Por Ronaldo Faria
Um copo no balcão a pedir
mais. No sorriso solto e embriagado, um fardo a seguir. O afago do tempo, feito
pimentinha a cobrir pedaços de pé de porco que descem a dentro para o sempre. Um
canto de cidade em seu centro onde o cantar não entoa mais. Loucos e bêbados se
sobressaem nos ônibus que chegam e vão no vão que se esvai entre esgotos e
torpes ébrios soltos a brincarem de cair e levantar. Um gole a mais, camiseta
de proveta a nascer de uma amizade entre goles e golfadas.

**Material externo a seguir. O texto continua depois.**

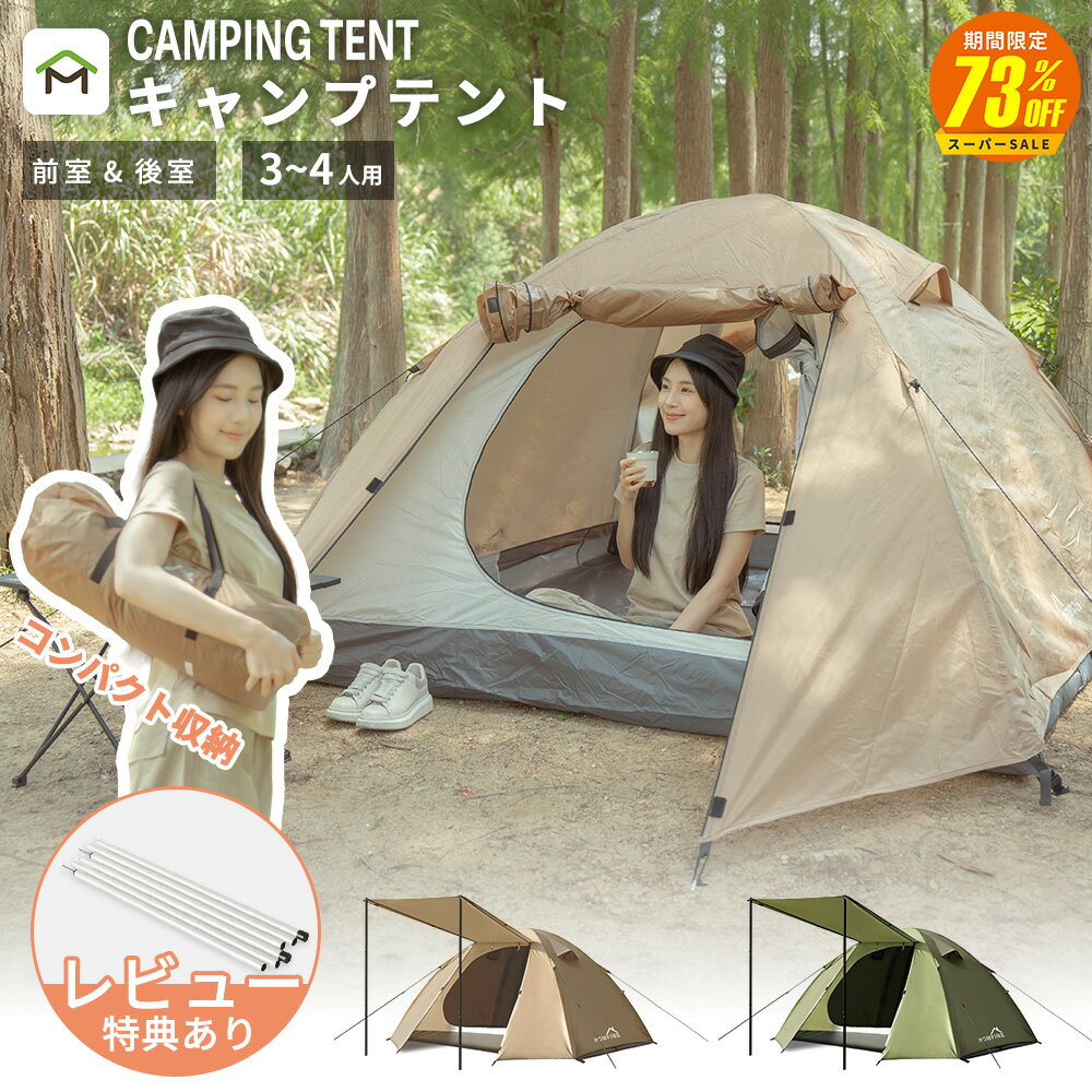 【スーパーSALE期間73%OFF 12/4 20時〜】テント 2人用 1人用テント 前室後室あり 4000mm耐水圧 広い空間 コンパクト ソロテント キャンプテント ツーリングテント オールシーズン 簡単設営 軽量 UVカット 通気防風 アウトドア/登山/山岳/釣り/ピクニック/防災用 送料無料

A lua, do alto, sem
saber se é cheia ou nascente, se faz pungente e emerge para iluminar o último
urinar no banheiro de todos e de ninguém.
Um copo a buscar o derradeiro gole no fole da embriaguez que se transforma em música e cantar no entardecer de descobertas e cobertas jogadas ao chão para receber os corpos dos amantes desnudos de prazer e ilusão. No chão, o frio que percorre o lugar se desfaz entre águas jogadas de esguicho e mijo. Lá fora toda cruz se perfaz de milagre a versejar poemas e fonemas sem exatidão qualquer. Um adeus logo se fará e lágrimas vão cair no porvir do sempre virá. A voar, o passado encarnado de doenças, cânceres e redescobertas. No levar ao quadrado igual, um nó desatado sem saber sequer se um dia irá de novo juntar os dois no solar.
Um copo e um pingente de
espírito santo no pescoço da esteta. Em sânscrito, o embriagado poeta tece
poemas como se fosse o futuro um único manto. Entre um mercado de cheiros e
pesos, na lânguida e ávida saudade da volta, homens e mulheres se travestem de
alegrias e mimos para voltarem para casa, onde a tristeza os espera para
recebê-los incongruentes e tementes da solidão. No mesmo lugar, as mesmas
desmazelas e o finito prato no fogão. Em algum ponto do planeta haverá certezas
e unção. Senão, valeu apenas ter sido, como um suicídio que a gente cria e
desfaz a cada novo raiar de sol a desenrolar tramas, incertezas e orgia.